Геннадий Прашкевич - Секретный дьяк
Шумно глотнул.
Обожгло.
И в небе все вспыхнуло, обожгло, высветило до дна.
Сделав еще глоток, Иван понял: все, кончился путь. Отныне никогда не видеть ему добрую соломенную вдову Саплину, никогда не знать ничего о думном дьяке Матвееве, не щипать сенную девку Нюшку за высокий бок, не ждать из Сибири неукротимого маиора. Никогда ничего такого теперь у него не будет.
Мысль была, как вспышка.

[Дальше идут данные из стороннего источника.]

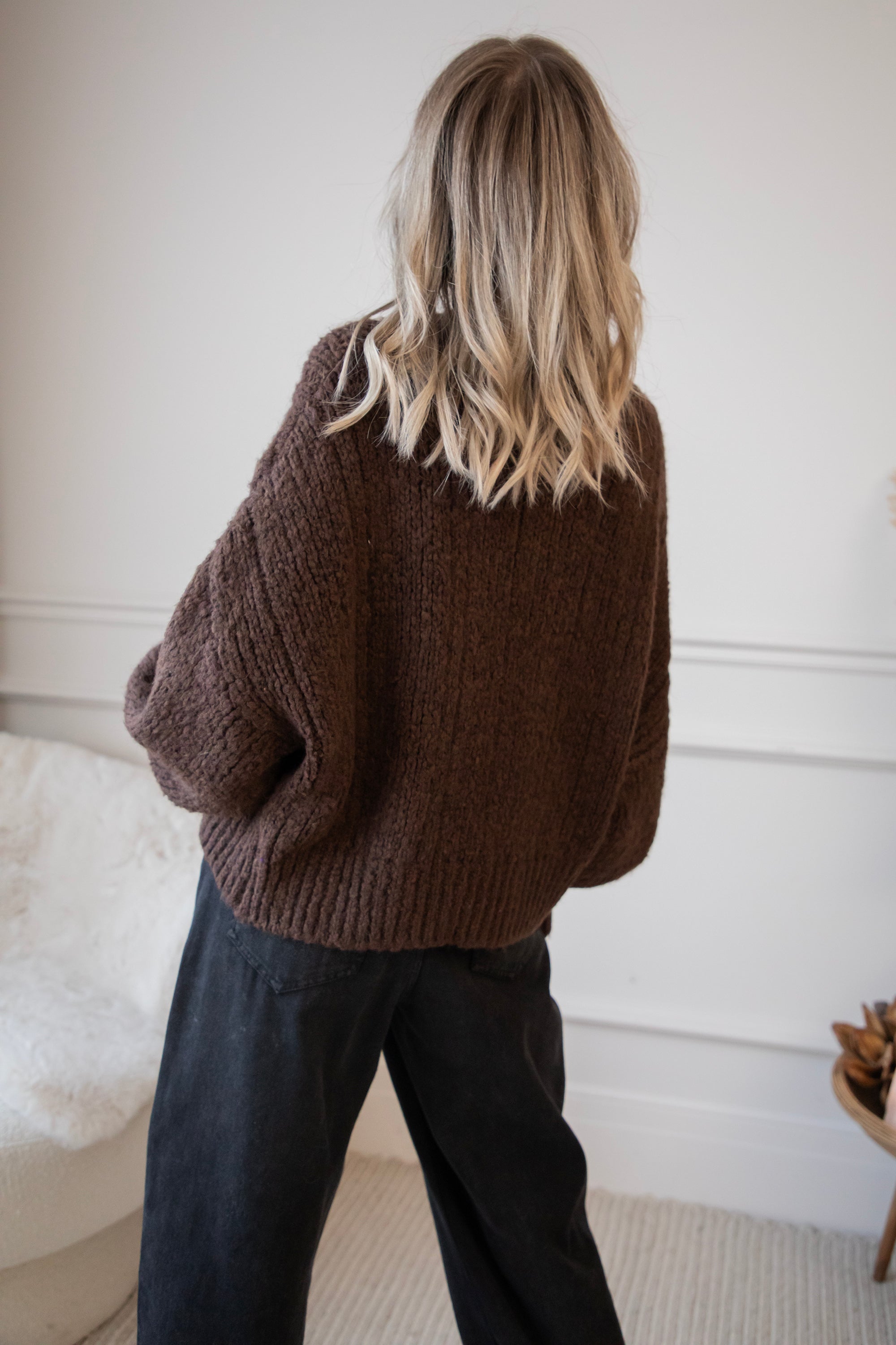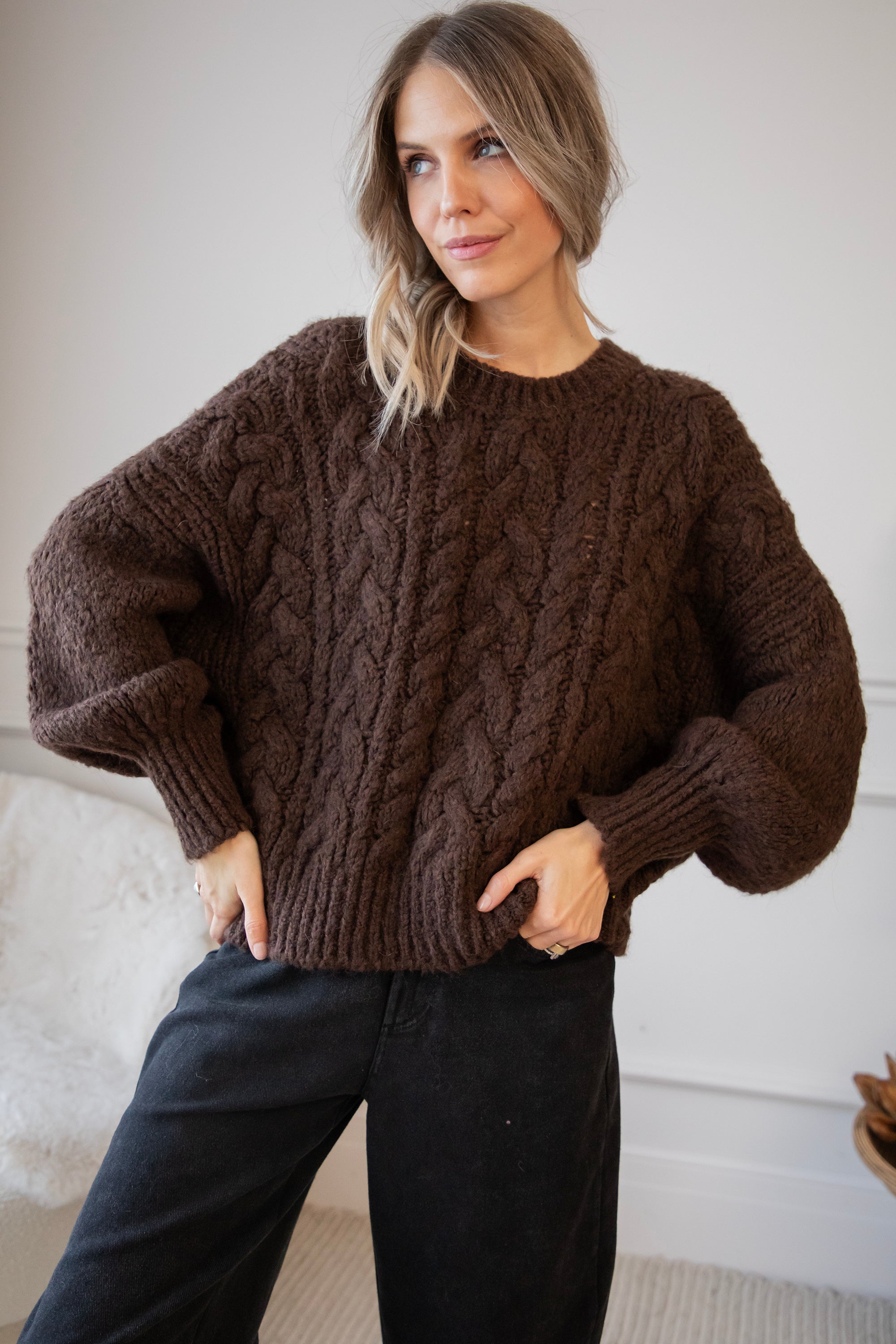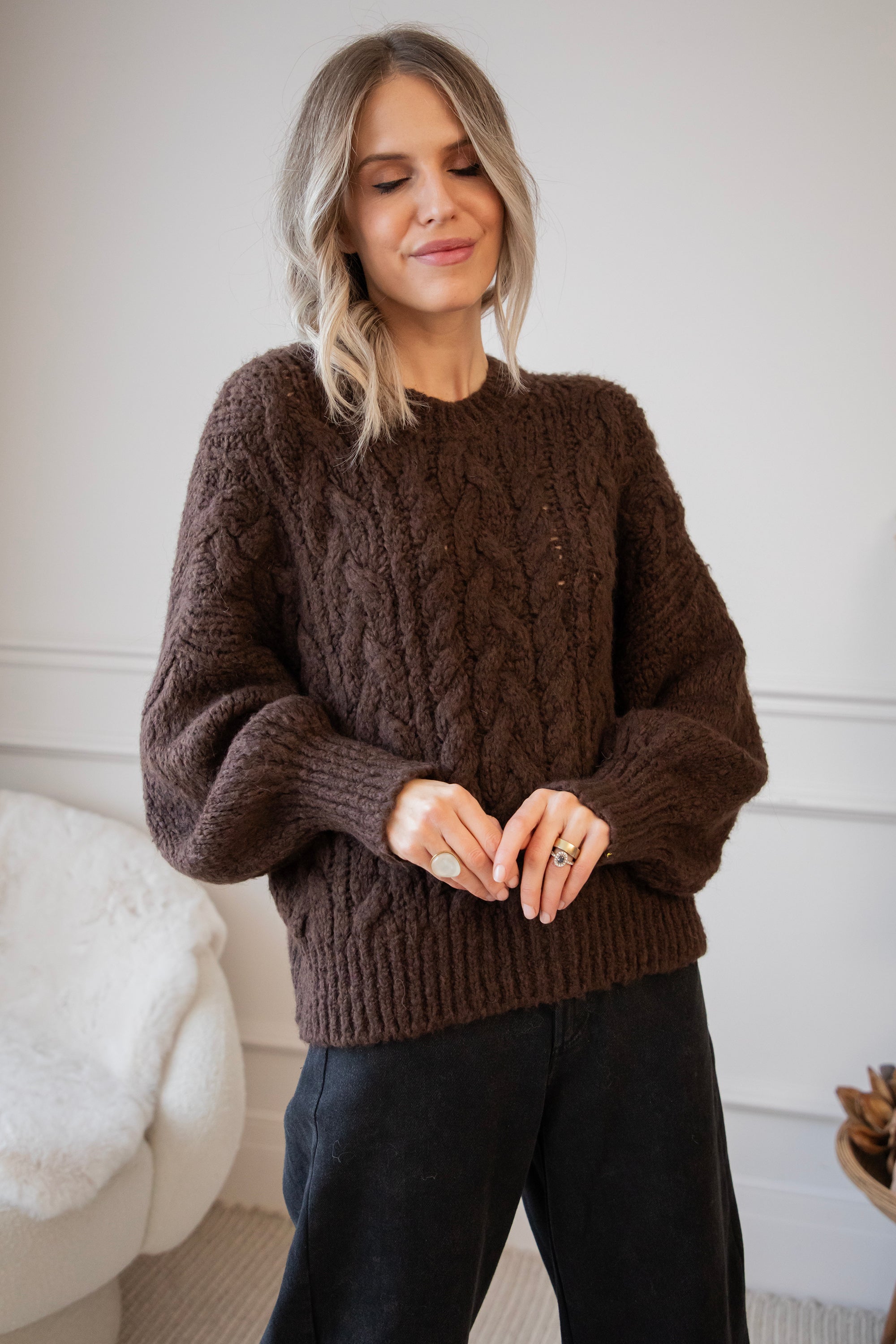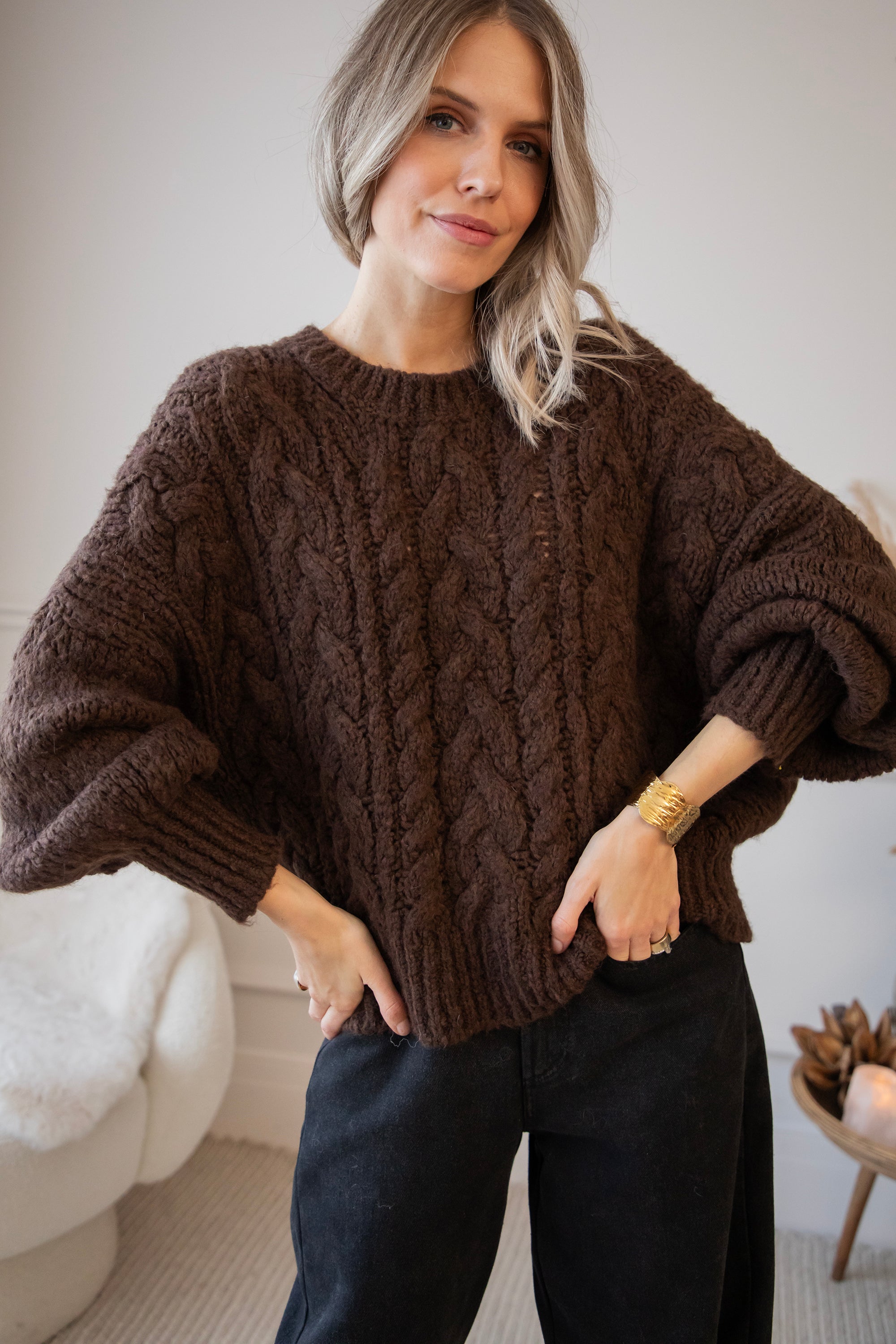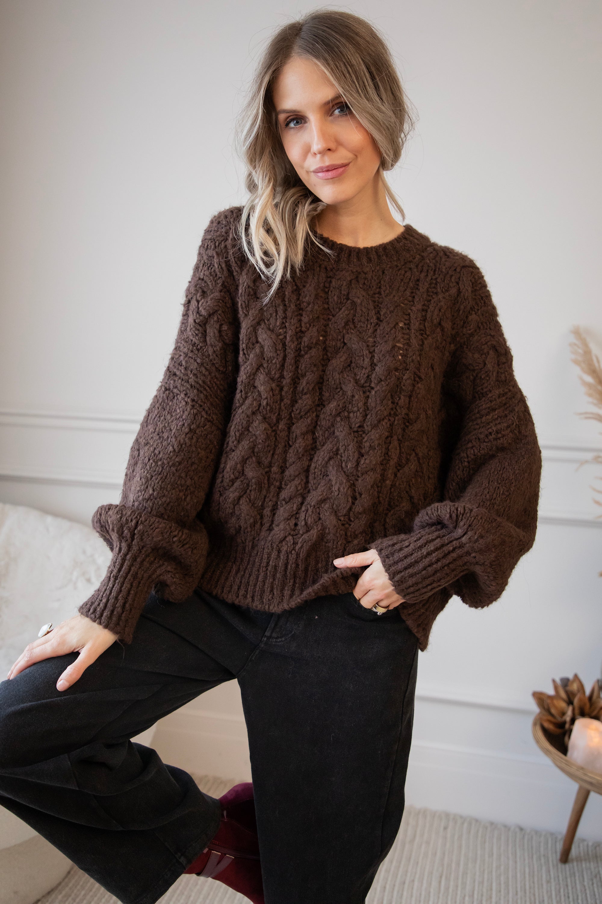 Yes, really, the cable pattern charms me every time! 🥹 It just radiates so much coziness and... this sweater is my new winter favorite! The baggy style with those cute puff sleeves and, of course, that warm chocolate color... ahhh, I just melt 🤎

Сразу зажегся. Сразу решил: теперь все, пойду по дорогам. Люди в России добрые. И не беря ничего, только хорошие сапоги натянув на ноги, да накинув на плечи кафтан, с одной почти пустой баклажкой в руках ушел в ночь.
4
Иван сидел на деревянном крылечке трактира, голова болела. Он ничего вокруг не узнавал и не помнил, все казалось странным. Ни дороги рядом, ни возков. Ни лошадей, ни братьев Агеевых. Ни даже страшного господина Чепесюка. Только мнилось, что недавно разговаривал с покойником. Может, и на кладбище, потому как была там яма. Он, Иван, тихо брел по кладбищу и услышал шум в земле. А из ямы комья летели. Иван так и решил: подойду. Если даже выкапывается кто, все равно подойду, поговорю с покойником. И спросил негромко, чтобы не напугать:
– Эй, покойник? Чего делаешь?
Из ямы высунулся испуганный человек. Подстрижен под скобку, аккуратен, в руках лопата:
– А ты кто таков?
– Вот сбился с дороги, – вроде бы объяснил Иван.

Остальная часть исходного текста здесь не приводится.